A: Art and life do not necessarily have so many conflicts, and you don’t have to think of it as being logical and sensible. [A ] I feel that a lot of things should be allowed to evolve naturally so that they will straighten out in the best way. I think maybe the society is choosing marginal things, things in the outer limit of social norm. I started out rejecting the society. Granted, I myself am supposed to be rejected but the strange thing is, my role as an artist has probably prompted the society to pull me back from the margin. If I were in a profession in which people are required to frequently deal with the society, I might as well get filtered out. After you gain from the society, despite your unwillingness, [it's time] you are bound to take some responsibilities, which means compromise: I begin to move closer to the society, which, in turn, offers me more. But I’m not sure about the future. First I rejected the society, maybe I’m still rejecting it a little bit now, but it’s not rejecting me, this is really subtle relationship. What I don’t know is, if one day I start to embrace the society, would it reject me then? It’s hard to tell, everything is random.

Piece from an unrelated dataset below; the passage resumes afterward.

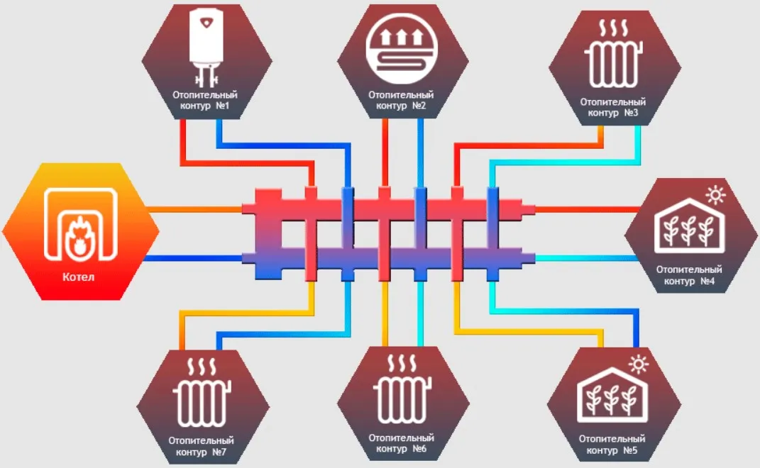 Характеристики товара Распределительный коллектор 7 контуров с гидрострелкой 1¼"н x 1"н Север-М7(Aisi) 1915052

I’m especially afraid of having too much contact with the society. I never work with assistant, if I have an assistant does all the work, what’s the point of living? I have to be hands-on in order to figure out the meaning of my life during that period of time. I don’t have social skills and I fear dealing with people. I had depression a while ago. If I can choose my destiny at will, I think maybe nunnery is the best for me, but I can’t. Also, like I haven’t chosen to live the life I’m having now, but I ended up like this anyway, so I was forced to accept something I rejected, after a while, I got addicted to it. This is just weird and contradictory. But I believe everything will straighten themselves out in the end, so now I just try to go with the flow and be less sensitive, letting myself being pushed by other things. I try to be passive, just sitting at home waiting, and when something comes, I work with it as long as I like it. In the very beginning, making art was a way and reason of existence for me, I felt it’s more interesting than other things. Now that I have gained some recognition, you’ll need stimulation. Because your interest wears off during the process, so you need to be stimulated in order to extend it. It’s like a trajectory which will be extended by external intervention.

 

Q: [Market.]Does market have any influence on your artistic creation?

 

A: Not interested. If someone comes to me and offers to buy my stuff, I will have to consider whether I should sell or not, and that’s it. I haven’t studied the market systematically, and I don’t really care. I’m doing [okay] with my living state for now, and that’s enough.

 

Q: The object of your works.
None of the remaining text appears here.